DATASET EXCERPT =>
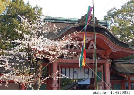 石清水八幡宮│朱塗りの社殿に映える桜と五色吹流│春の男山
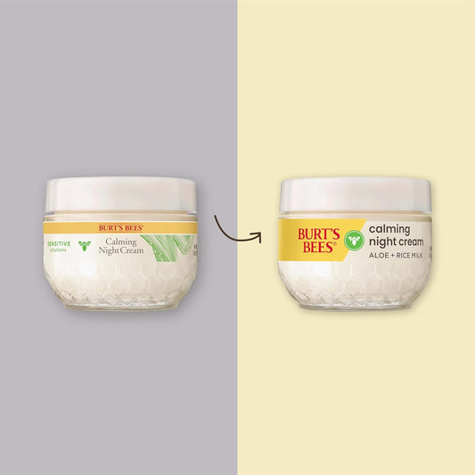 Burt's Bees Calming Night Cream With Aloe and Rice Milk, Face Moisturizer For Sensitive Skin Infuses Skin With Moisture While You Sleep, 98.8 Percent Natural Origin Skin Care, 1.8 oz. Tub
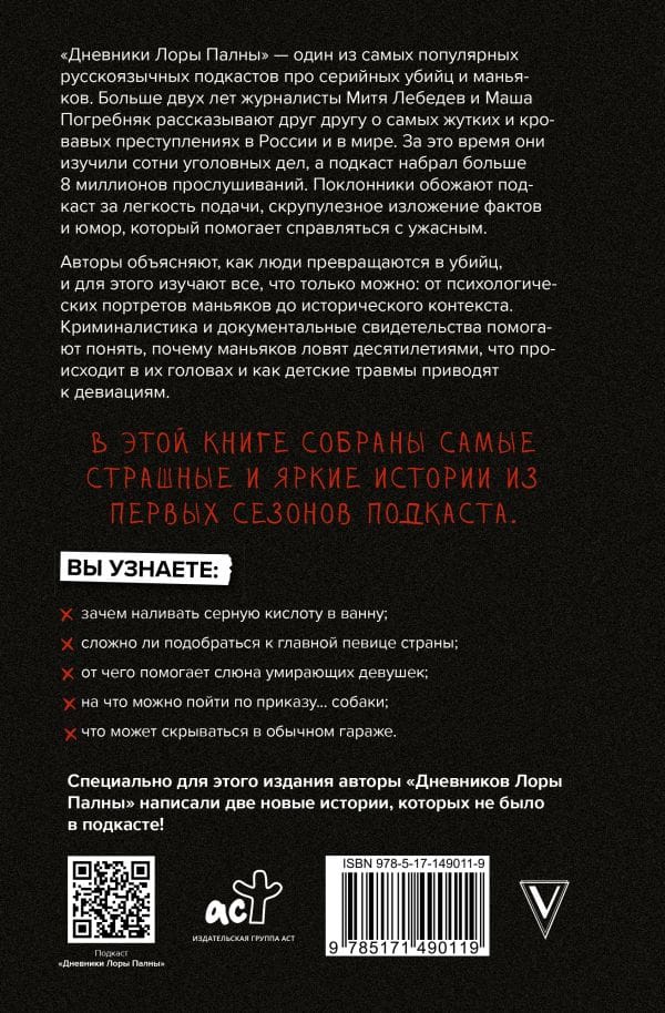 "Lauras Palnas dienasgrāmatas" - viens no populārākajiem podkāstiem krievu valodā par sērijveida slepkavām un maniakiem. Jau vairāk nekā divus gadus žurnālisti Mitja Ļebedevs un Maša Pogrebņjaka stāsta viens otram par šausminošākajiem un asiņainākajiem noziegumiem Krievijā un visā pasaulē. Šajā laikā viņi ir izpētījuši simtiem krimināllietu, un podkāstu ir noklausījušies vairāk nekā 8 miljoni klausītāju. Fani mīl podkāstu par tā vieglumu, skrupulozo faktu izklāstu un humoru, kas palīdz tikt galā ar šausmīgo. Autori skaidro, kā cilvēki kļūst par slepkavām, un, lai to izdarītu, viņi pēta visu, sākot no maniaku psiholoģiskajiem portretiem līdz vēsturiskajam kontekstam. Tiesu ekspertīze un dokumentālie pierādījumi palīdz saprast, kāpēc maniaki ir notverti gadu desmitiem, kas notiek viņu galvās un kā bērnības traumas noved pie deviācijas.

TASK PROMPT => The response must restate each line of the material above exactly and contain no images.

OUTPUT FOR THIS TASK =>
 石清水八幡宮│朱塗りの社殿に映える桜と五色吹流│春の男山
 Burt's Bees Calming Night Cream With Aloe and Rice Milk, Face Moisturizer For Sensitive Skin Infuses Skin With Moisture While You Sleep, 98.8 Percent Natural Origin Skin Care, 1.8 oz. Tub
 "Lauras Palnas dienasgrāmatas" - viens no populārākajiem podkāstiem krievu valodā par sērijveida slepkavām un maniakiem. Jau vairāk nekā divus gadus žurnālisti Mitja Ļebedevs un Maša Pogrebņjaka stāsta viens otram par šausminošākajiem un asiņainākajiem noziegumiem Krievijā un visā pasaulē. Šajā laikā viņi ir izpētījuši simtiem krimināllietu, un podkāstu ir noklausījušies vairāk nekā 8 miljoni klausītāju. Fani mīl podkāstu par tā vieglumu, skrupulozo faktu izklāstu un humoru, kas palīdz tikt galā ar šausmīgo. Autori skaidro, kā cilvēki kļūst par slepkavām, un, lai to izdarītu, viņi pēta visu, sākot no maniaku psiholoģiskajiem portretiem līdz vēsturiskajam kontekstam. Tiesu ekspertīze un dokumentālie pierādījumi palīdz saprast, kāpēc maniaki ir notverti gadu desmitiem, kas notiek viņu galvās un kā bērnības traumas noved pie deviācijas.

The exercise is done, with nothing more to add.